Exercise brief: All that is needed is the lines from the one containing "会津産 「里山のつば」" through the end of the listing, printed exactly, with no pictures among them.

Records to use:
[Start of section]
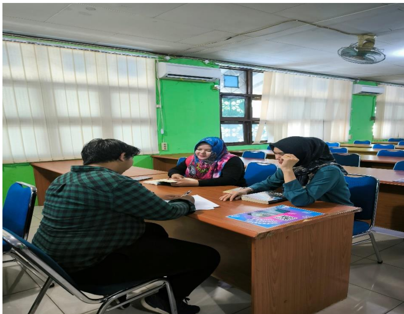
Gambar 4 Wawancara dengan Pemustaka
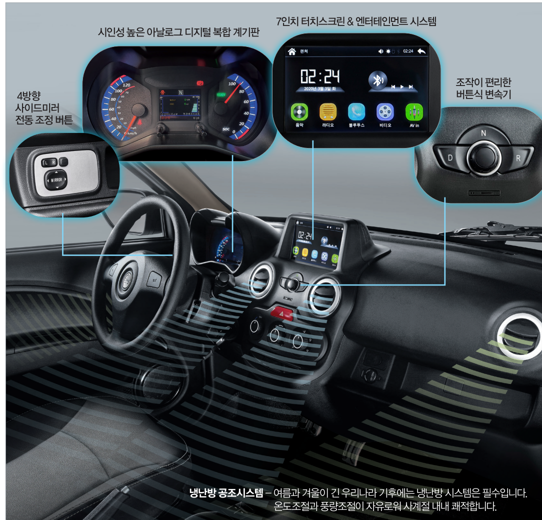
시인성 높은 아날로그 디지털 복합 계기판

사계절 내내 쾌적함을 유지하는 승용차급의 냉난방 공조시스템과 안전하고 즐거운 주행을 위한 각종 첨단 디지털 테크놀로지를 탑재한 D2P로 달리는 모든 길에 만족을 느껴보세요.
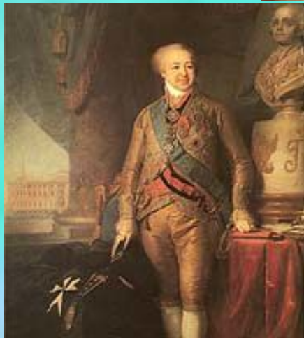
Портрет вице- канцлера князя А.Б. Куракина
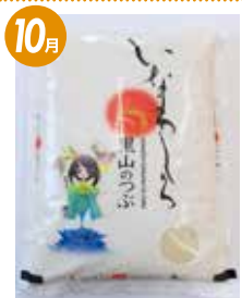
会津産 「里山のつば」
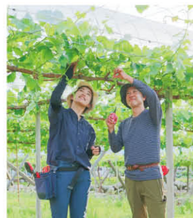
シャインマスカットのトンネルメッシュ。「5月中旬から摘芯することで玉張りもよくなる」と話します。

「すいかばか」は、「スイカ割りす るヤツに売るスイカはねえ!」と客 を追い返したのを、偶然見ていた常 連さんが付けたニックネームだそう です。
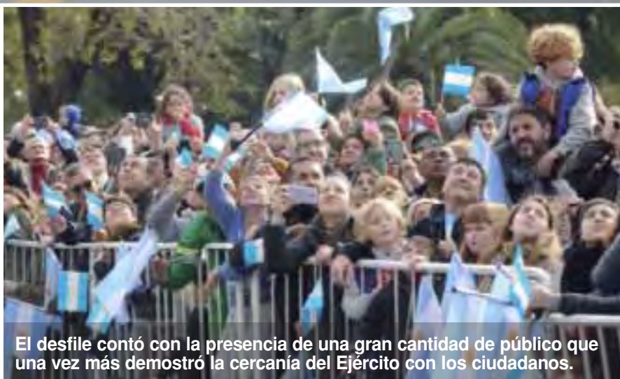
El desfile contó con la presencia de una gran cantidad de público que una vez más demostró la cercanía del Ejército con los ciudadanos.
[End of section]
Answer to the exercise:
会津産 「里山のつば」
シャインマスカットのトンネルメッシュ。「5月中旬から摘芯することで玉張りもよくなる」と話します。

「すいかばか」は、「スイカ割りす るヤツに売るスイカはねえ!」と客 を追い返したのを、偶然見ていた常 連さんが付けたニックネームだそう です。
El desfile contó con la presencia de una gran cantidad de público que una vez más demostró la cercanía del Ejército con los ciudadanos.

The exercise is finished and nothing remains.